EN BREF. Créés en pleine guerre contre Hannibal après consultation d’oracles, les Ludi Apollinares débutent en 212 avant notre ère par une seule journée de spectacles. Ces jeux en l’honneur d’Apollon s’étendent progressivement sur neuf jours en juillet. Contrairement aux autres fêtes romaines, ils mélangent rites grecs et traditions latines. Au 1er siècle avant notre ère, ils deviennent un théâtre de contestation politique où les acteurs critiquent les dirigeants. L’empereur Septime Sévère les célèbre encore au 3e siècle après notre ère.

Les Ludi Apollinares: une fête romaine née de la guerre

En 212 avant notre ère, Rome traverse une période dramatique. Hannibal et ses troupes carthaginoises ravagent l’Italie depuis plusieurs années. La défaite de Cannes, en 216, a coûté la vie à des dizaines de milliers de soldats romains. Face à cette situation désespérée, le Sénat romain décide de consulter des textes prophétiques.
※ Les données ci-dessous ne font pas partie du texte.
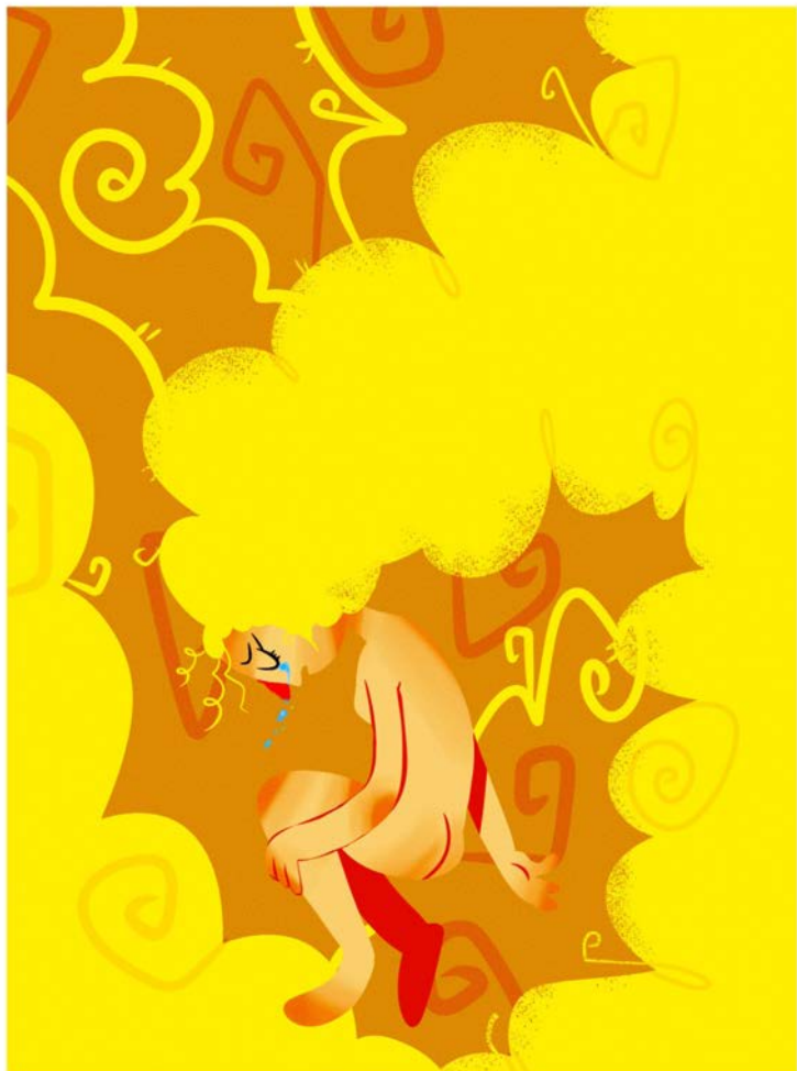
Ilustración 'Humo' Cristian Manjarres Herrera
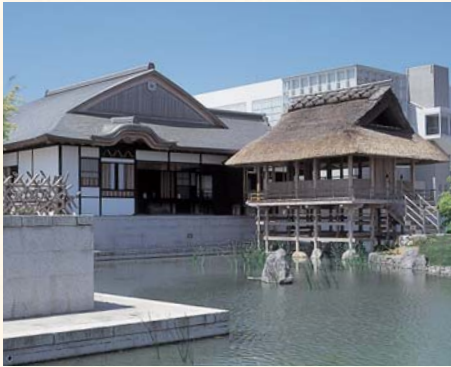
在茶室里体会日本茶的世界。 茶之乡
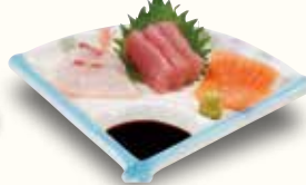
お刺身三品盛り 980(税込1,078)
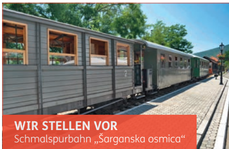
WIR STELLEN VOR Schmalspurbahn „Sarganska osmica“

Die „Sarganska osmica“ oder auch „Sargan 8“ schlängelt sich mit ihren historischen Lokomotiven auf einer Strecke von etwa 15 km durch zahlreiche Tunnel, über Brücken und Viadukte und durch malerische Landschaft. Um Steigungen von bis zu 18% zu überwinden, wurde die Strecke der Schmalspurbahn in der Form einer Acht angelegt – daher der Name.
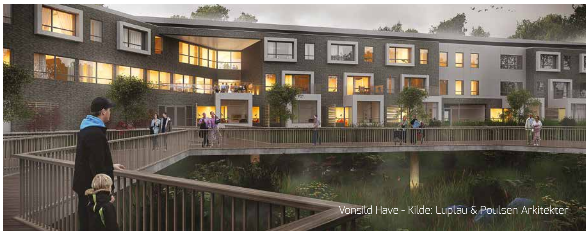
Vonsild Have - Kilde: Luplau & Poulsen Arkitekter

*Alle priser er pr. person ekskl. moms, rabatter kan ikke kombineres.
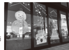
金高生による駅の装飾ぜひご覧ください!
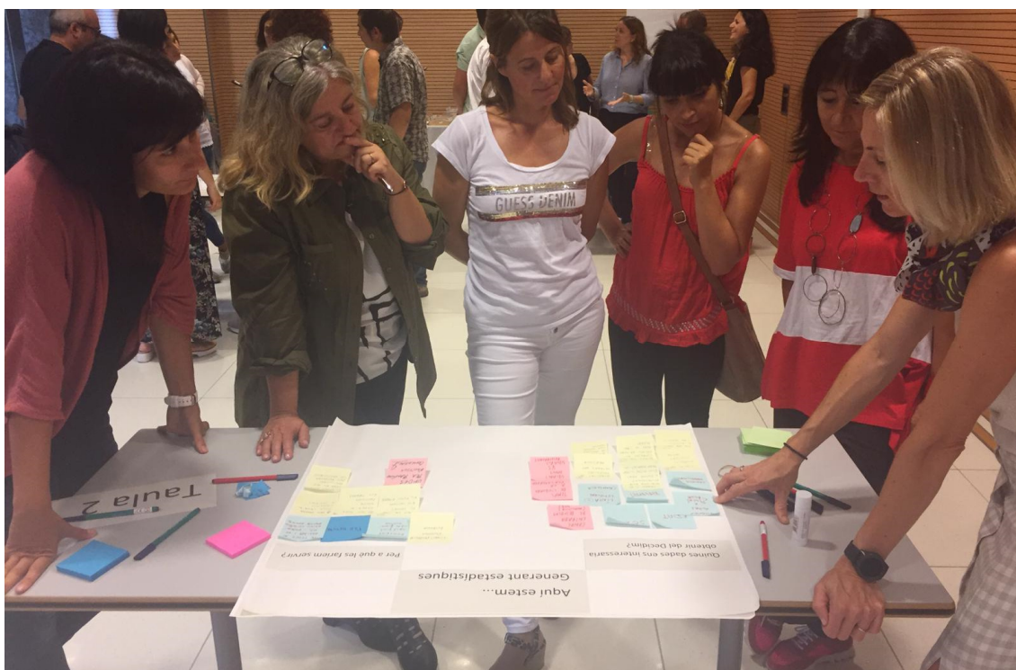
Foto del treball en grups. Elaboració pròpia
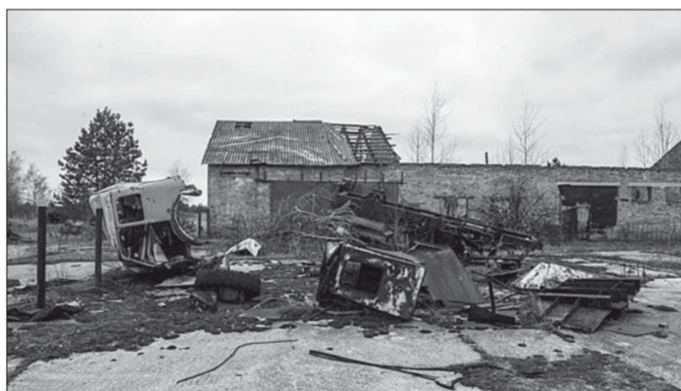
А так они закончились
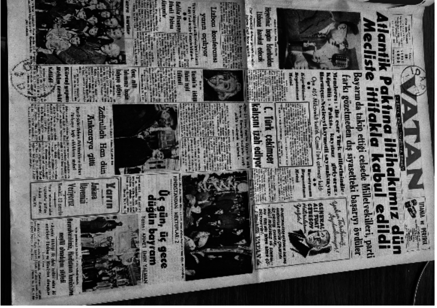
Ek 4. Vatan Gazetesi, 19 Şubat 1952
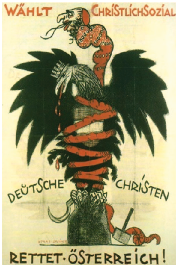
25) Plakat 1 NR-Wahlkampf 1920 http://www.oew.ac.at/cmc/kds/b_images/1600046.jpg (20/10/2011)
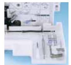
Vano accessori incorporato
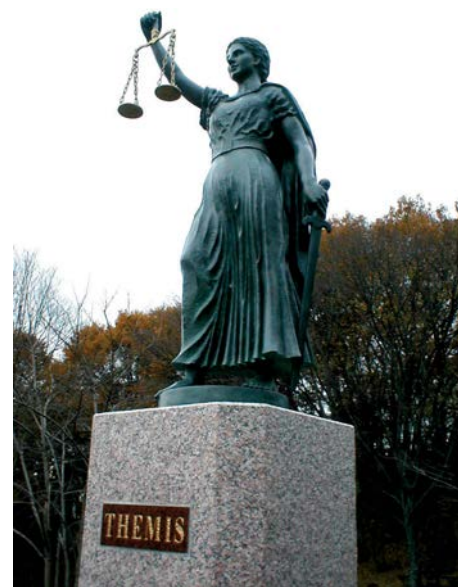
VEĆINA DOKUMENATA SU MRTVO SLOVO NA PAPIRU: Themida, grčka boginja prava i pravde

U junu 2010. godine usvojen je Posebni protokol Ministarstva zdravlja Republike Srbije za zaštitu i postupanje sa ženama koje su izložene nasilju. Posebni protokol je instrument za prepoznavanje, evidentiranje i dokumentovanje rodno zasnovanog nasilja, sa ciljem da se zdravstveni radnici/e uključe i reaguju na planu otkrivanja, suzbijanja
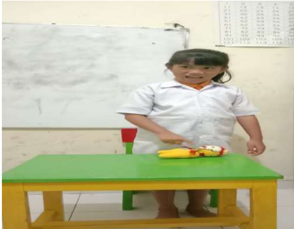
Gambar 3. Bermain peran sebagai dokter, menjelaskan cara menangani pasien
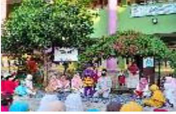
Gambar 2. Imtak
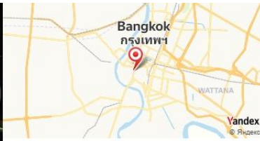
Thip Samai, Bangkok, Thaïlande

- Balade sur la Rivière Chao Phraya , avec des options de croisière nocturne pour admirer les lumières de la ville.
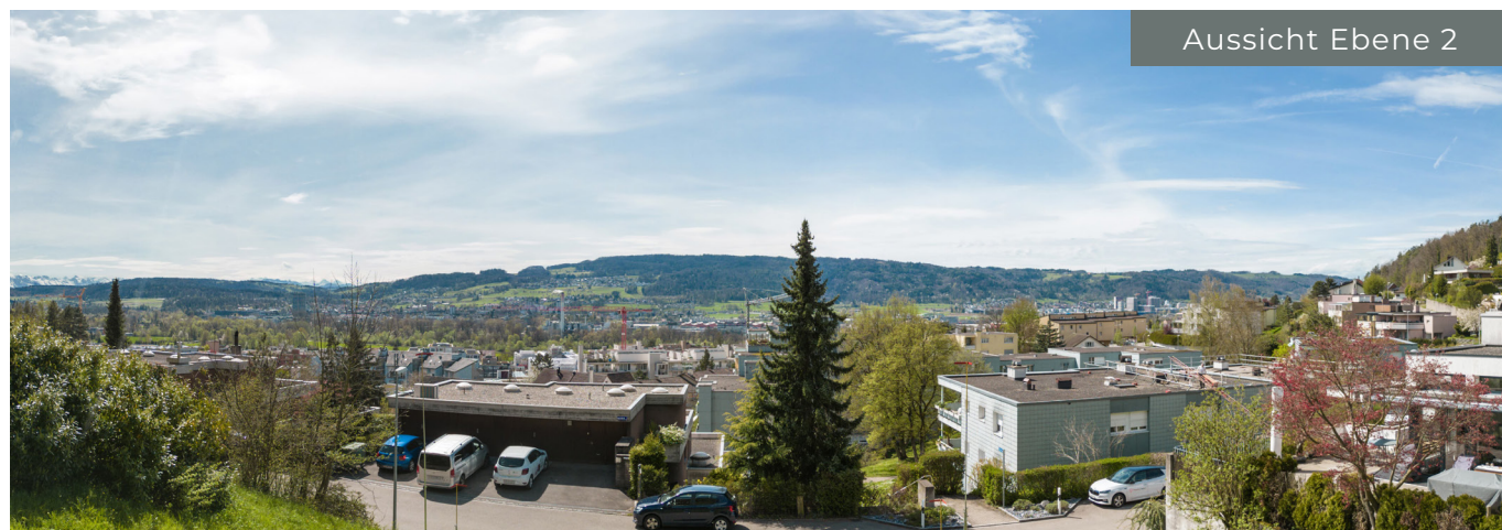
Aussicht Ebene 2

Tite-Live (XXV, 12) et Macrobe (Saturnales, I, 17) racontent que les sénateurs font examiner un recueil de prédictions, qui avait été récemment découvert à Rome, les Carmina Marciana. Une prophétie attire leur attention:

«Romains, si vous voulez chasser l’ennemi et le fléau qui vous arrive des extrémités de l’univers, je vous engage à vouer à Apollon des jeux que vous célébrerez pieusement chaque année, en partie aux frais du public, en partie aux frais des particuliers. Faites présider à la célébration de ces jeux le préteur qui sera chargé de rendre la justice à toutes les classes du peuple.»

Pour confirmer cette révélation, les autorités consultent également les Livres sibyllins, collection officielle de prophéties conservée au Capitole. Les deux sources donnent la même réponse: il faut organiser des jeux en l’honneur d’Apollon.

La première célébration

Le Sénat vote aussitôt les crédits nécessaires. Tite-Live précise que «le préteur urbain recevrait pour ces jeux une somme de 12 000 as». En 212, ces premiers Ludi Apollinares sont organisés par le préteur urbain Publius Cornelius Sylla, comme l’indique Tite-Live dans ses Periochae (25.3).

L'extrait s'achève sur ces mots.